Surface structure of i-Al(68)Pd(23)Mn(9): An analysis based on the T*(2F) tiling decorated by Bergman polytopes

TL;DR

This paper analyzes the surface structure of i-Al(68)Pd(23)Mn(9) using tiling decorated by Bergman polytopes, explaining terrace patterns and step heights through projection techniques and cluster models.

Contribution

It introduces a geometric model using T*(2F) tiling decorated with Bergman polytopes to interpret surface terrace structures in quasicrystals.

Findings

Fibonacci sequence of step heights explained by the model

Surface terraces correspond to layers of Bergman or Mackay clusters

Polytopes are geometric building blocks, not stable entities

Abstract

A Fibonacci-like terrace structure along a 5fold axis of i-Al(68)Pd(23)Mn(9) monograins has been observed by T.M. Schaub et al. with scanning tunnelling microscopy (STM). In the planes of the terraces they see patterns of dark pentagonal holes. These holes are well oriented both within and among terraces.
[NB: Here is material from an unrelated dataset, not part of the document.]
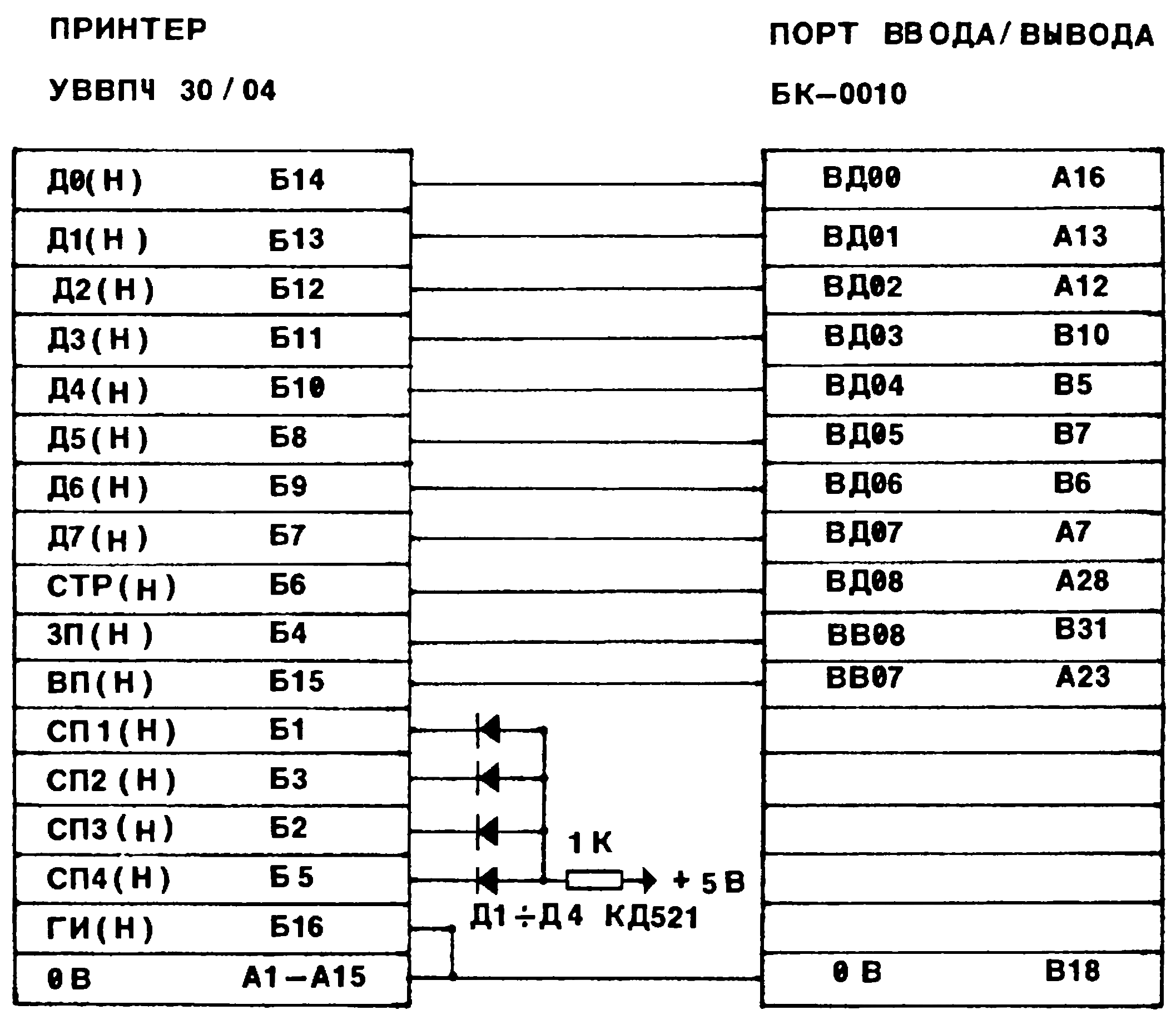 Схема кабеля печати БК-0010Ш с Бейсиком
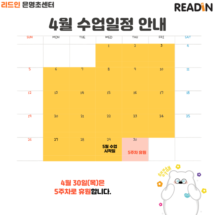 안녕하세요, 리드인 은명초센터 입니다. 따뜻한 봄기운이 완연해진 4월입니다. 새로운 계절과 함께 아이들이 더욱 즐겁고 알차게 성장할 수 있도록 최선을 다하고 있습니다. 4월을 맞아 수업 일정과 관련된 전달사항을 안내드리오니, 학부모님들의 참고 부탁드립니다. 수업 일정 안내 4월 30일 (목) 5주차 휴원 5월 1일 (금) 근로자의 날 휴원 5월 27일 (수) 6월 3일 선거일 대체수업 일정에 착오 없으시도록 꼭 확인 부탁드리며, 변동 사항이 있을 경우 사전에 다시 안내드리겠습니다. 항상 학원을 믿고 보내주시는 학부모님들께 감사드리며, 아이들이 꾸준히 성장할 수 있도록 더욱 세심하게 지도하겠습니다. 감사합니다 <img src="https://blogthumb.pstatic.net/MjAyNjA0MTVfMjY3/MDAxNzc2MjQzNDExNTg5.a6a6FSvEN8iVxTmvxEUBLxXf3_OWRjlhoXBDt6NNH4Ig.hLMwKreRTsvGMcQiZKPEwtomnZtUOgNcMXKltk3ySEMg.PNG/4%BF%F9.png?type=s3" />

In one of 11 planes Schaub et al. obtain the autocorrelation function of the hole pattern. We interpret these experimental findings in terms of the Katz-Gratias-de Boisseu-Elser model. Following the suggestion of Elser that the Bergman clusters are the dominant motive of this model, we decorate the tiling T*(2F) by the Bergman polytopes only. The tiling T*(2F) allows us to use the powerful tools of the projection techniques. The Bergman polytopes can be easily replaced by the Mackay polytopes as the decoration objects. We derive a picture of ``geared'' layers of Bergman polytopes from the projection techniques as well as from a huge patch. Under the assumption that no surface reconstruction takes place, this picture explains the Fibonacci-sequence of the step heights as well as the related structure in the terraces qualitatively and to certain extent even quantitatively. Furthermore, this layer-picture requires that the polytopes are cut in order to allow for the observed step heights. We conclude that Bergman or Mackay clusters have to be considered as geometric building blocks of the i-AlPdMn structure rather than as energetically stable entities.